When you reach the line with "Make a bold" in the records below, begin transcribing exactly and continue up to and including the line with "[01:33.14] | 你说过要到很远的地方 |", leaving out every picture.

» **Recorded data**:
^^^^^^^^^^^^^^^^
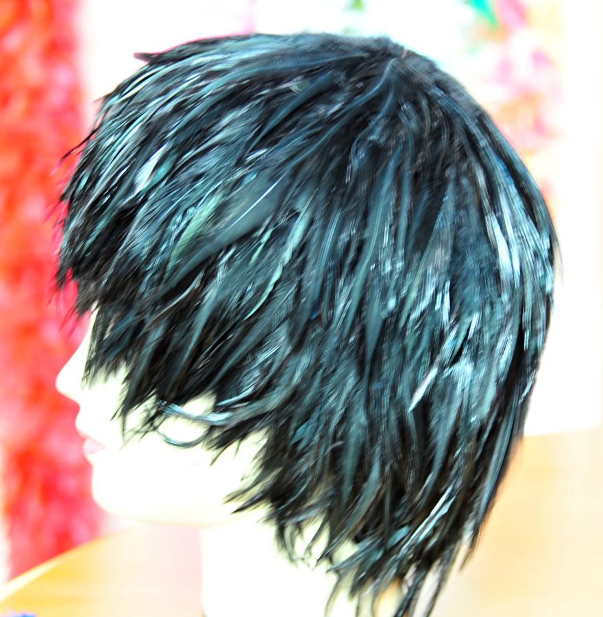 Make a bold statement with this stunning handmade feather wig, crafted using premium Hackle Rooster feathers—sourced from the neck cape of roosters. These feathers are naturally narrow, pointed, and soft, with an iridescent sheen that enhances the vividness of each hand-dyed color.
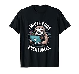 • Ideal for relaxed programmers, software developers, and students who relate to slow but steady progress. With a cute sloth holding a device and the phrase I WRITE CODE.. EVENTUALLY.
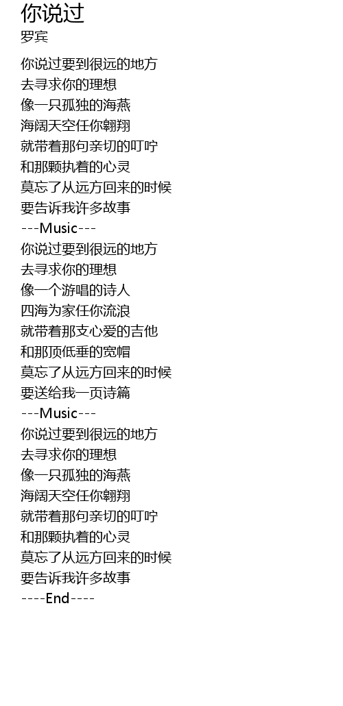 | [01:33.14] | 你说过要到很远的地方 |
^^^^^^^^^^^^^^^^
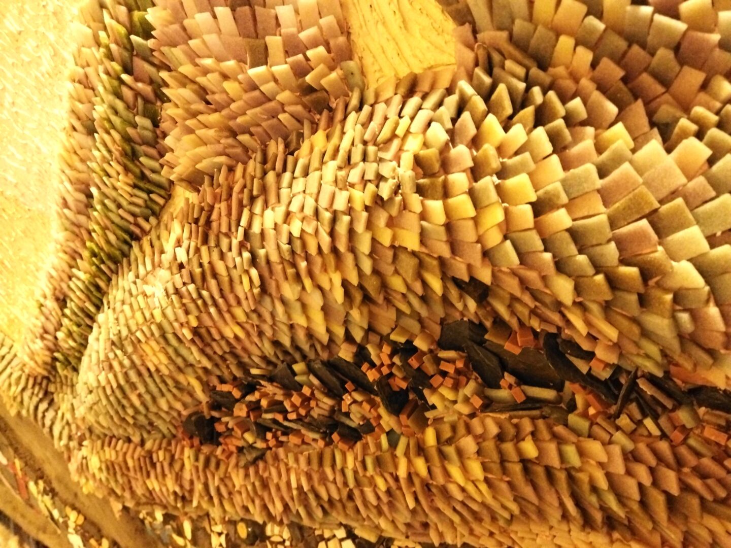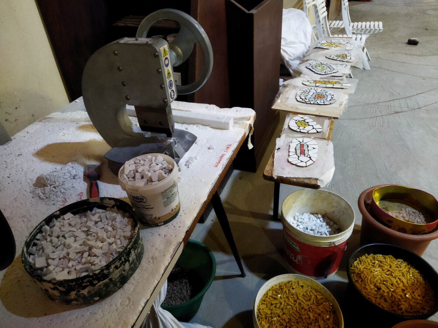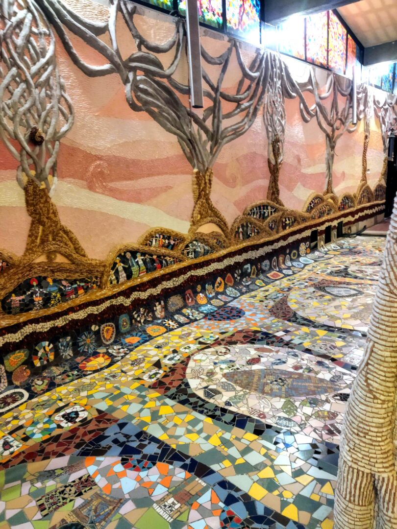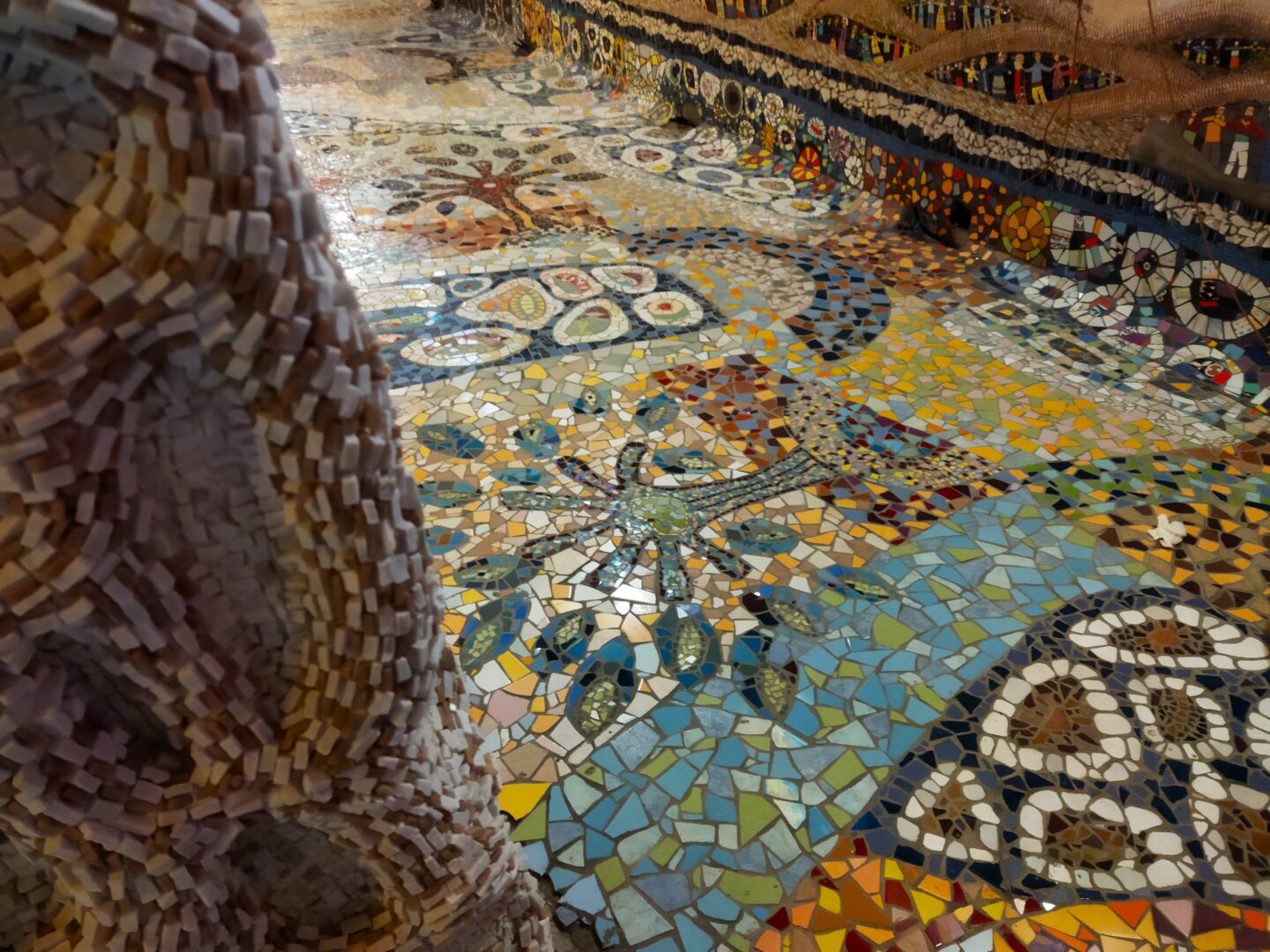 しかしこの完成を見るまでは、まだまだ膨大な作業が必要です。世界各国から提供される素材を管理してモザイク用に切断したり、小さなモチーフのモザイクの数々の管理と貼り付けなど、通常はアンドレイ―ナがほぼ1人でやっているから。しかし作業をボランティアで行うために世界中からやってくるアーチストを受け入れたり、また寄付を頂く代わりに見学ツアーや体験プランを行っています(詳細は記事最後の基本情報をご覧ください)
^^^^^^^^^^^^^^^^
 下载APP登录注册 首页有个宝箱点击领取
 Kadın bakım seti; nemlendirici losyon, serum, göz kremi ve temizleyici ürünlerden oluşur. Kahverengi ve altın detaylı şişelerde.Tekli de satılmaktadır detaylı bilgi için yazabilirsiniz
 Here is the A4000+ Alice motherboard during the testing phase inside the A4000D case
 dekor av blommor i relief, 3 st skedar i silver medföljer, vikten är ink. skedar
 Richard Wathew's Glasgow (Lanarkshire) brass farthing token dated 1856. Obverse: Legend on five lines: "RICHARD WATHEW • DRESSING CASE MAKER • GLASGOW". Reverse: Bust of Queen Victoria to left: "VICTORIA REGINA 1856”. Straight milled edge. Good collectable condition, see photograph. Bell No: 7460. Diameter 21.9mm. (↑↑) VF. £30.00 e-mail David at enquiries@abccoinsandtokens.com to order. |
^^^^^^^^^^^^^^^^
» **Task response**:
 Make a bold statement with this stunning handmade feather wig, crafted using premium Hackle Rooster feathers—sourced from the neck cape of roosters. These feathers are naturally narrow, pointed, and soft, with an iridescent sheen that enhances the vividness of each hand-dyed color.
 • Ideal for relaxed programmers, software developers, and students who relate to slow but steady progress. With a cute sloth holding a device and the phrase I WRITE CODE.. EVENTUALLY.
 | [01:33.14] | 你说过要到很远的地方 |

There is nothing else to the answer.